Both Republican and Democrat Presidents since George W. Bush Jnr have expanded energy production. The primary driver was technological advances in horizontal drilling and hydraulic fracturing (fracking) that unlocked massive tight oil and shale gas reserves. The biggest period of expansion was under President Obama.
In addition, US tech giants are now investing in nuclear power to embrace AI. President Donald Trump recently signed a $US40 billion partnership agreement with Japan to build next-generation, small modular nuclear reactors (SMRs).

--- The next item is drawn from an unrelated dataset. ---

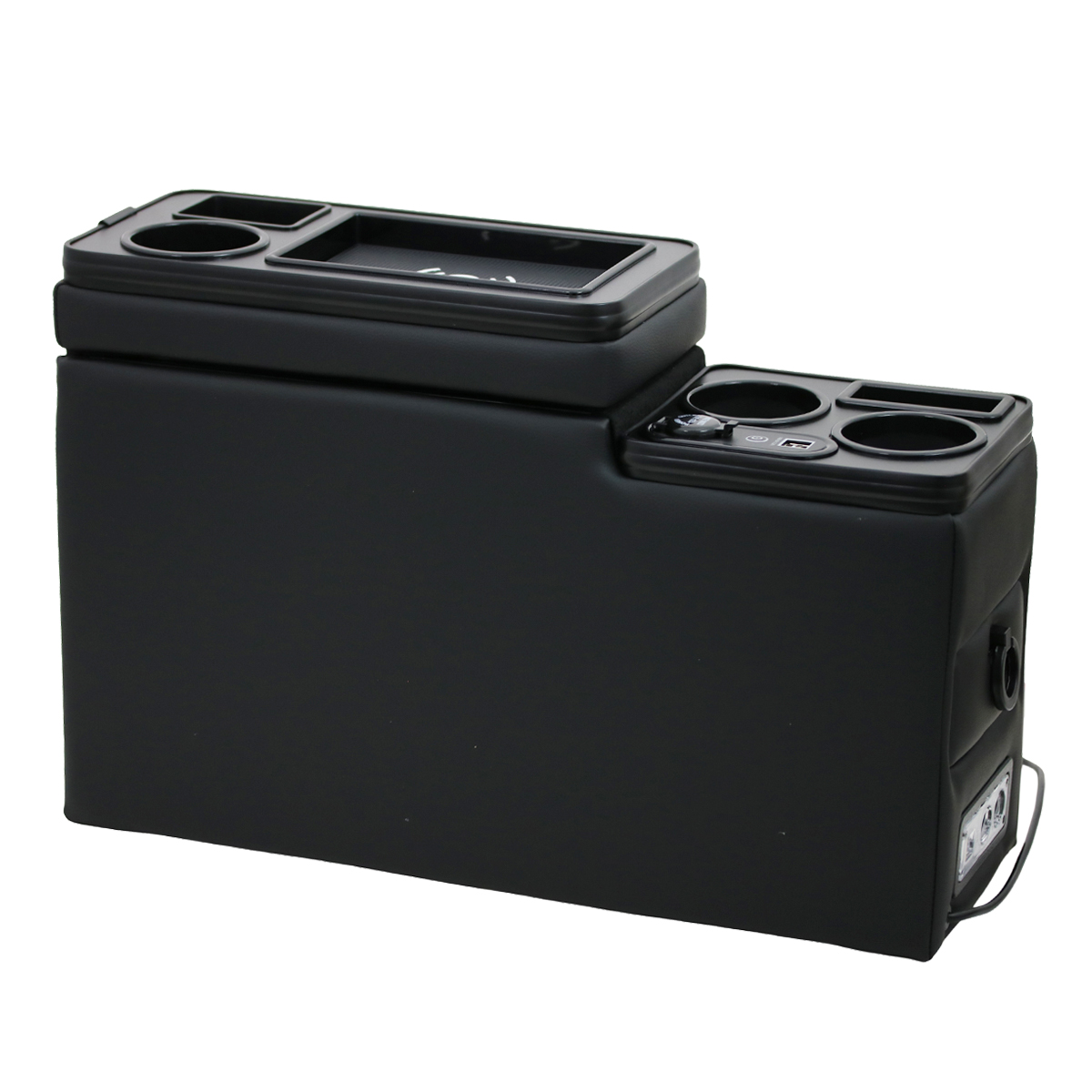 - 2x USB-Ports und 2x 12V Steckdosen vorne und 3x USB-Ports hinten, 1x USB-Port, 1x USB-C Port und 1x 12V Steckdose oben

Shortsightedly, Australia’s federal and state governments have banned the domestic use of the nation’s vast uranium resources.
What policies are needed?
Immediately:
- Prioritise farmers, road transport, ports, essential services and diesel locomotive trains hauling coal to power stations, and ration fuel if necessary.
- Use Australia’s gas exports as a bargaining chip to keep liquid fuels arriving from overseas refineries.
- Announce incentives for oil and gas exploration, and to convert cars from petrol and diesel to gas.
- Beg the US to supply Australia with fuel before Trump curtails exports.
In the medium term:
- Restore second world war fuel-storage depots and build large new storages across the country.
- Spend the necessary billions to restore, and build new, oil refineries capable of handling all grades of crude oil.
- Make Australia liquid-fuel self-sufficient by bringing in the US shale-oil and gas extraction technology that delivered energy self-sufficiency to the US.
- Repeal federal and state prohibitions on nuclear power and begin ordering small modular nuclear reactors – ride on the back of the US-Japan SMR deal.
These are the things the Prime Minister should have been announcing with great gusto in his April 1 address to the nation.
Patrick J. Byrne is the immediate past national president of the National Civic Council.